LONDON, Oct 13 (Reuters) - The Bank of England said on Thursday that the central counterparties (CCPs) in Britain's financial system were "resilient" after publishing the conclusions of its first public stress test for ICE Clear Europe, LCH and LME Clear.
A BoE report, however, said the clearing house of the London Metal Exchange (LME) ran down nearly its full default fund under a stress test of its base metals service.
The LME was forced to halt nickel trading and cancel trades in early March after prices doubled to more than $100,000 per tonne in a surge sources blamed on short covering by one of the world's top producers.
Central counterparties operating in London are a key part of the global financial system's plumbing, due to their role in helping to clear trades between major financial institutions.
"While the stress test was exploratory, with no pass-fail assessments, the results are evidence of the overall resilience of the UK CCPs," BoE Deputy Governor Jon Cunliffe said in a statement.
The BoE said it checked whether the CCPs were resilient to a market stress scenario and to the simultaneous default of the two largest clearing member groups.

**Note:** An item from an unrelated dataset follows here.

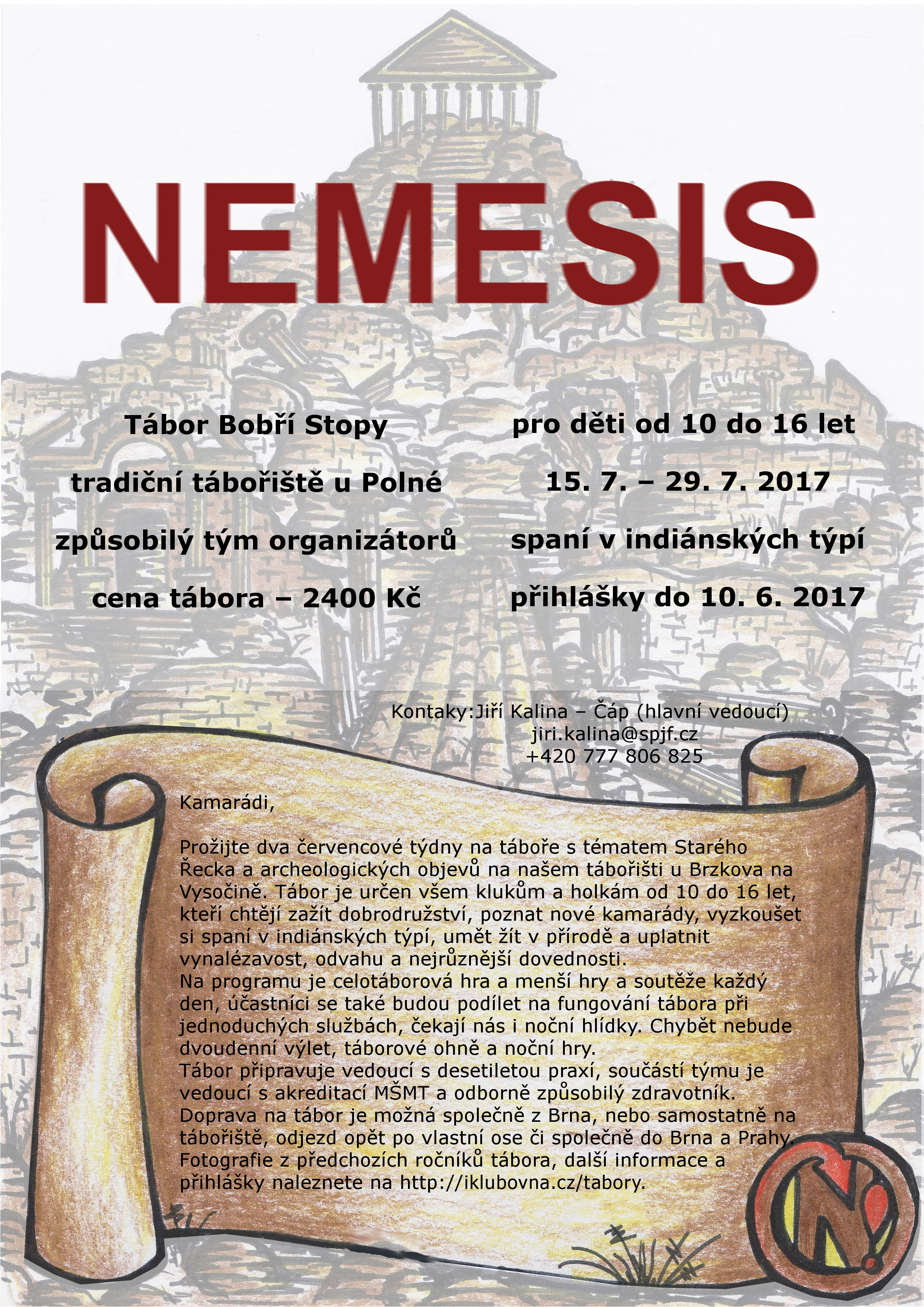 Nemesis, jméno řecké bohyně pomsty, je také název našeho letošního tábora, který bude zaměřen na řeckou mytologii. Ale nebojte se, nebude to žádná školní nuda, naopak, všichni si užijte spoustu zábavy za jakýchkoliv podmínek. Chcete se... (pokračování)

"While results vary across CCPs, no CCP experienced full depletion of prefunded financial resources or a negative liquidity balance," the BoE said.
"One CCP Clearing Service (LME Base), losses result in close to full depletion of the default fund when the bank’s estimates of concentration costs are included," the report said.
British financial regulators including the BoE launched a sweeping probe in April into how the LME suspended nickel trading and the LME also commissioned its own independent review.
The BoE's CCP exercise started in October 2021 and was designed to be as severe as the worst historical market stress scenario experienced by each CCP up to that point.
Recent weeks have witnessed record falls in some British government bond prices, and forced the BoE to stabilise the market due to the risk of a fire sale by liability-driven investment (LDI) funds used by the pensions industry.
"We will engage these CCPs on our findings, which will help the Bank target its supervision and inform CCPs' approach to risk management," Cunliffe said.